Читаем Серебряный герб полностью

Конечно, я хорошо понимаю: радость моя безумна и надеяться не на что. Я знаю: тридцать восемь часов — ужасно короткое время, которое пролетит как минута. И все же мне очень приятно, что в квартире одна Маруся.

Охваченный легкомысленной радостью, я выбегаю во двор и, добежав до ворот, взбираюсь по канату на горище, где среди всякого хлама есть у меня небольшой закуток, носящий индейское имя „Вигвам“. Кроме Тимоши, об этом „Вигваме“ не знает ни один человек, вход в него забаррикадирован пустыми бочонками с надписью „Портландский цемент“, и нам приходится под самым потолком протискиваться в него, как в ущелье. В „Вигваме“ у меня очень чисто, уютно и тихо. Пол вымыт (по-маминому) мочалкой и мылом — легко ли было протискивать сюда ведра с водой! — стены оклеены страницами журнала „Будильник“, который подарил мне усач Симоненко. На полу — охапка прошлогоднего колкого сена, все еще пахнущего ромашкой, полынью и мятой. На стенах развешано мое боевое оружие: рогатка, стреляющая на тридцать шагов, и полукруглый железный, ярко размалеванный щит, сделанный дядей Фомой.

Здесь, в „Вигваме“, прошедшим летом я сочинил свою „Гимназиаду“, поэму о разных событиях нашей гимназической жизни. Поэма написана в трехкопеечной школьной тетради, а тетрадь засунута за потолочную балку — там ее никому не найти.

Чтобы добраться до потолка, нужно стать на бочонок, а бочонок ветхий и шаткий. Но все же я вскарабкиваюсь на него кое-как и сую за балку еще одну вещь — мою бедную, опозоренную Прошкиными руками фуражку — фуражку, из которой выломан герб.

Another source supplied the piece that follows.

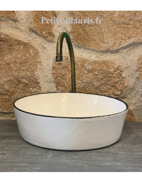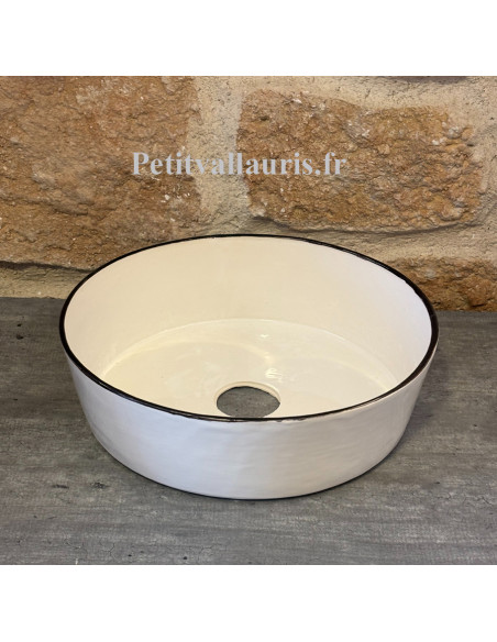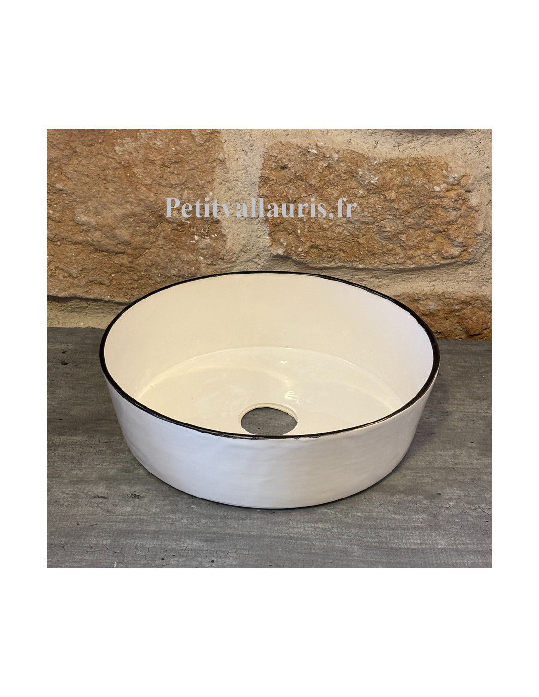 Petite Vasque ronde à poser droite en faïence pour salle de bain ou toilettes blanche avec bordure noire.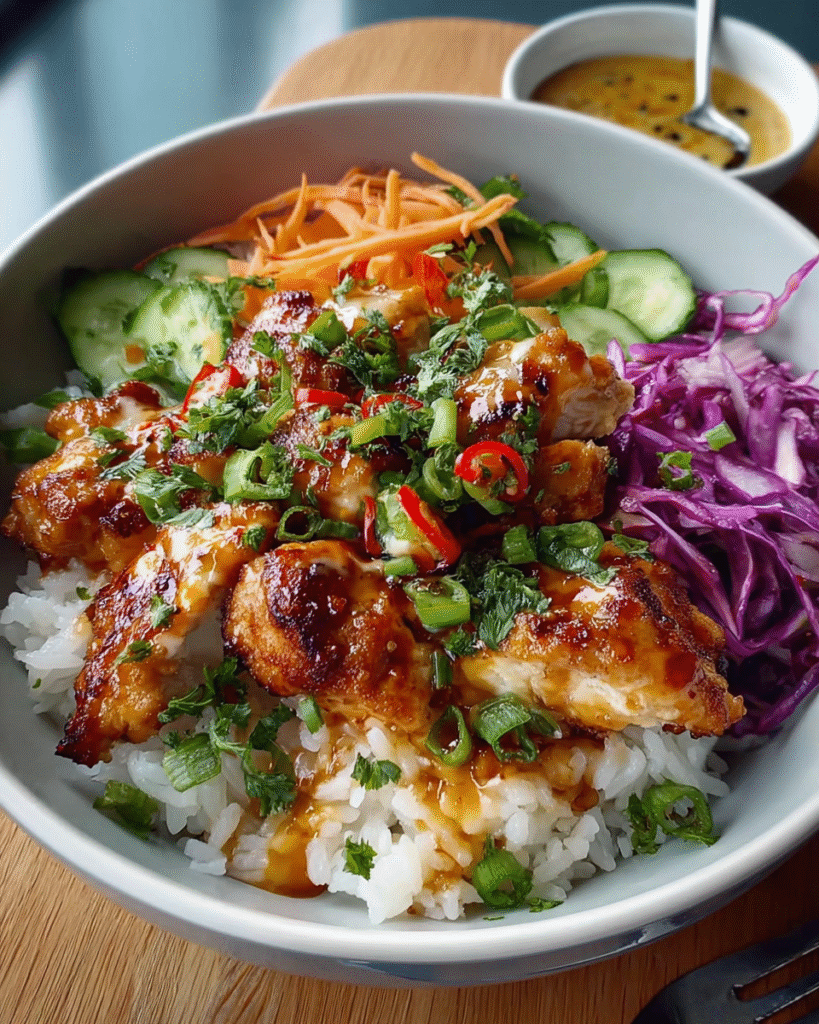 This bowl-style meal has become a staple in kitchens everywhere because it balances flavor, texture, and nutrition. Each bite delivers something different — the creaminess of the sauce, the warmth of the rice, the crunch of fresh vegetables, and the juicy tenderness of chicken. It’s the kind of dish you’ll crave again and again.

Мне сразу становится легче, и я спешу воротиться домой.

Маруся, сгорбившись, сидит на диване. Глаза ее вонзились в библиотечную книгу. Книга называется так: „О чём щебетала ласточка“. Маруся читает ее чуть не двенадцатый раз.

— Возьми из духовки мамалыгу и рыбу и, пожалуйста, не мешай мне читать, — говорит она, не отрываясь от „Ласточки“. Голос у нее сухой и отчетливый, будто она диктует диктант.

Маруся строгая, всегда занятая, разговаривает со мной свысока. Она считает меня легкомысленным лодырем. Я боюсь ее больше, чем маму. Она первая ученица в гимназии и уже зарабатывает ежемесячно четыре рубля, так как дает уроки племяннице мадам Шершеневич. Все хвалят Марусю за то, что она такая серьезная, и попрекают меня, зачем я не похож на Марусю. Одна только мама относится ко мне снисходительно. Маруся чувствует это, и для нее это большая обида.

Мне очень хочется быть таким же серьезным, как Маруся, но у меня ничего не выходит. Несколько раз она пробовала воспитывать меня на свой лад и в конце концов махнула рукой. Года три назад она сказала мне каким-то неожиданным, мальчишеским голосом:

— Хочешь играть в путешествия?

Я ответил:

— Ещё бы!

Потому что я жаждал кораблекрушений и подвигов. Но она взяла пять узеньких листочков бумаги, написала на них старательным почерком „Азия“, „Африка“, „Европа“, „Америка“, „Австралия“ и приколола их булавками в разных концах нашего большого двора. Кухня для биндюжников оказалась Америкой, крыльцо усача Симоненко — Европой. Мы взяли длинные палки и пошли из Азии в Америку. Чуть только мы очутились в Америке, Маруся нахмурила лоб и сказала:

— В Америке главные реки такие-то, главные горы такие-то, главные страны такие-то, климат такой-то, растения такие-то.

А потом сказала:

— Повтори.

Я вместо ответа заплакал. Лучше бы она побила меня! Путешествовать значило для меня мчаться по прериям, умирать от желтой лихорадки, выкапывать древние клады, спасать прекрасных индианок от кровожадных акул, убивать бумерангами людоедов и тигров, и вдруг вместо этого меня ведут от бумажки к бумажке и заставляют, как в классе, зубрить какие-то десятки названий! Марусе эта игра была по сердцу — полезная игра, поучительная. Я убежал от нее со слезами, чуть только мы дошли до Европы, и спрятался в „Вигваме“ на весь день. С тех пор Маруся окончательно убедилась, что я легкомысленный лодырь, и говорит со мною, как с жалким ничтожеством.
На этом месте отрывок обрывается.